## Exercise goal:
Transcribe only the lines of the listing below from the one holding "R.LALIQUE ルネ・ラリック 楡の葉「Ormeaux」オルモー" through the one holding "这是黑龙江挠力河国家级自然保", inclusive, without any change.

___

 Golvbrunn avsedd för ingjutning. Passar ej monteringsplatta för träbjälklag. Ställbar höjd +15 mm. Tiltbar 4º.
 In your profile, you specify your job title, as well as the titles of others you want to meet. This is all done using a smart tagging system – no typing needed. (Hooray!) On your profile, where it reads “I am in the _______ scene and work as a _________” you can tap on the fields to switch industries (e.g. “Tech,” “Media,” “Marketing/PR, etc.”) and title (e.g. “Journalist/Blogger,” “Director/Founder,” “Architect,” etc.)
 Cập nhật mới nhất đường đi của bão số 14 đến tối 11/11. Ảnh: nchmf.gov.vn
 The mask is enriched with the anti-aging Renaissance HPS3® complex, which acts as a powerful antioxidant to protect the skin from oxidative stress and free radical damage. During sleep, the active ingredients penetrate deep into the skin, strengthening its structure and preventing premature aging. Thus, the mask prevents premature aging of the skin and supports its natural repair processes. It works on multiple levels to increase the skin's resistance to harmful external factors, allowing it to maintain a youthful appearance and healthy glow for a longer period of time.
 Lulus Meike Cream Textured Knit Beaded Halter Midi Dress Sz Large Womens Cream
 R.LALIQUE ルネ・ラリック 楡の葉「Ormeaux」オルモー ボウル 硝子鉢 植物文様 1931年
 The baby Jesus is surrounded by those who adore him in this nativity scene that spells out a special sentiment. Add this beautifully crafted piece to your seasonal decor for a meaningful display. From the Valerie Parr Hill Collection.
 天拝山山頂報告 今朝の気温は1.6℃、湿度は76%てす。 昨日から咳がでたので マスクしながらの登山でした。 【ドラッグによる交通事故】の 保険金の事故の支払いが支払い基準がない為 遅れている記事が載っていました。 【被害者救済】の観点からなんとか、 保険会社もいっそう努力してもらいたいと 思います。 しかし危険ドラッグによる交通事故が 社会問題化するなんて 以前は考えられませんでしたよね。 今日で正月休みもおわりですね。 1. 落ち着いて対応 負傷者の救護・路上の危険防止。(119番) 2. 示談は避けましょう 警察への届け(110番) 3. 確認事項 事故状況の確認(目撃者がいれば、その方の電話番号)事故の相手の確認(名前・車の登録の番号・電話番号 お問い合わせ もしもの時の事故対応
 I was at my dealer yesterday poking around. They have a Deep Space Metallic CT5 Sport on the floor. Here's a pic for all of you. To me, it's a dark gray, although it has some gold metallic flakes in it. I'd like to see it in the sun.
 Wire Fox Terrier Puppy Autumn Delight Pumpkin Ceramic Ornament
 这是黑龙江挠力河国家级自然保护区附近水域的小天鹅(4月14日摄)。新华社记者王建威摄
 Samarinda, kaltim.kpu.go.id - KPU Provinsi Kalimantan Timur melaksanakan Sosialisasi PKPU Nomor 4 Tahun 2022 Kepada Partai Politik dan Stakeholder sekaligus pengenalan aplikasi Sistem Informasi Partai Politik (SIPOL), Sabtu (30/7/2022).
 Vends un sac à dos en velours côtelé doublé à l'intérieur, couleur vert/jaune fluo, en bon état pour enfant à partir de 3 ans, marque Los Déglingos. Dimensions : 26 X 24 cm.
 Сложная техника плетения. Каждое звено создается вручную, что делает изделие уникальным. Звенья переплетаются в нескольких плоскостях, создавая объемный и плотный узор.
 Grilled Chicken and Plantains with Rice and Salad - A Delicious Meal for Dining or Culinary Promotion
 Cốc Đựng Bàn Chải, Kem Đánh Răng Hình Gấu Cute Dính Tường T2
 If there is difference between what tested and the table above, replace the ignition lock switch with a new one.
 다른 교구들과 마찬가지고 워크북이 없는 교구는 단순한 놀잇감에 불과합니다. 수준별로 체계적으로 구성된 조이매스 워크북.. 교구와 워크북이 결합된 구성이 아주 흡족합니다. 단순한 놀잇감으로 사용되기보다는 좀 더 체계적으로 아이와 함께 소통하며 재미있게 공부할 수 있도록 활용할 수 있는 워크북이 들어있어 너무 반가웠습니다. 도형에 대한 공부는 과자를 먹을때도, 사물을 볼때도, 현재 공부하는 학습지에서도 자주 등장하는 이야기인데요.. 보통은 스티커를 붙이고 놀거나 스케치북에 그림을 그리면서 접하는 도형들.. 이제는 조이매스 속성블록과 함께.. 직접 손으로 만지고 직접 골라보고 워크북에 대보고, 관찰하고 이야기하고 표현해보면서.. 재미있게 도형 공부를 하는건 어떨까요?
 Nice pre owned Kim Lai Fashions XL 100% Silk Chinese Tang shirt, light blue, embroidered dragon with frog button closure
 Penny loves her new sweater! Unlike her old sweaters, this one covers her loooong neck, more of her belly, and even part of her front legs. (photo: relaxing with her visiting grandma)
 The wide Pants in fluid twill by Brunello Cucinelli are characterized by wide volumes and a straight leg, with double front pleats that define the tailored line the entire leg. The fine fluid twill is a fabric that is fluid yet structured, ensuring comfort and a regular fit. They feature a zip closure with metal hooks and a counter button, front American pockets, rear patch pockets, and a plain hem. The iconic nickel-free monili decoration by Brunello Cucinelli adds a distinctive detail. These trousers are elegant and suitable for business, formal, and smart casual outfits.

___

## Your solution:
 R.LALIQUE ルネ・ラリック 楡の葉「Ormeaux」オルモー ボウル 硝子鉢 植物文様 1931年
 The baby Jesus is surrounded by those who adore him in this nativity scene that spells out a special sentiment. Add this beautifully crafted piece to your seasonal decor for a meaningful display. From the Valerie Parr Hill Collection.
 天拝山山頂報告 今朝の気温は1.6℃、湿度は76%てす。 昨日から咳がでたので マスクしながらの登山でした。 【ドラッグによる交通事故】の 保険金の事故の支払いが支払い基準がない為 遅れている記事が載っていました。 【被害者救済】の観点からなんとか、 保険会社もいっそう努力してもらいたいと 思います。 しかし危険ドラッグによる交通事故が 社会問題化するなんて 以前は考えられませんでしたよね。 今日で正月休みもおわりですね。 1. 落ち着いて対応 負傷者の救護・路上の危険防止。(119番) 2. 示談は避けましょう 警察への届け(110番) 3. 確認事項 事故状況の確認(目撃者がいれば、その方の電話番号)事故の相手の確認(名前・車の登録の番号・電話番号 お問い合わせ もしもの時の事故対応
 I was at my dealer yesterday poking around. They have a Deep Space Metallic CT5 Sport on the floor. Here's a pic for all of you. To me, it's a dark gray, although it has some gold metallic flakes in it. I'd like to see it in the sun.
 Wire Fox Terrier Puppy Autumn Delight Pumpkin Ceramic Ornament
 这是黑龙江挠力河国家级自然保护区附近水域的小天鹅(4月14日摄)。新华社记者王建威摄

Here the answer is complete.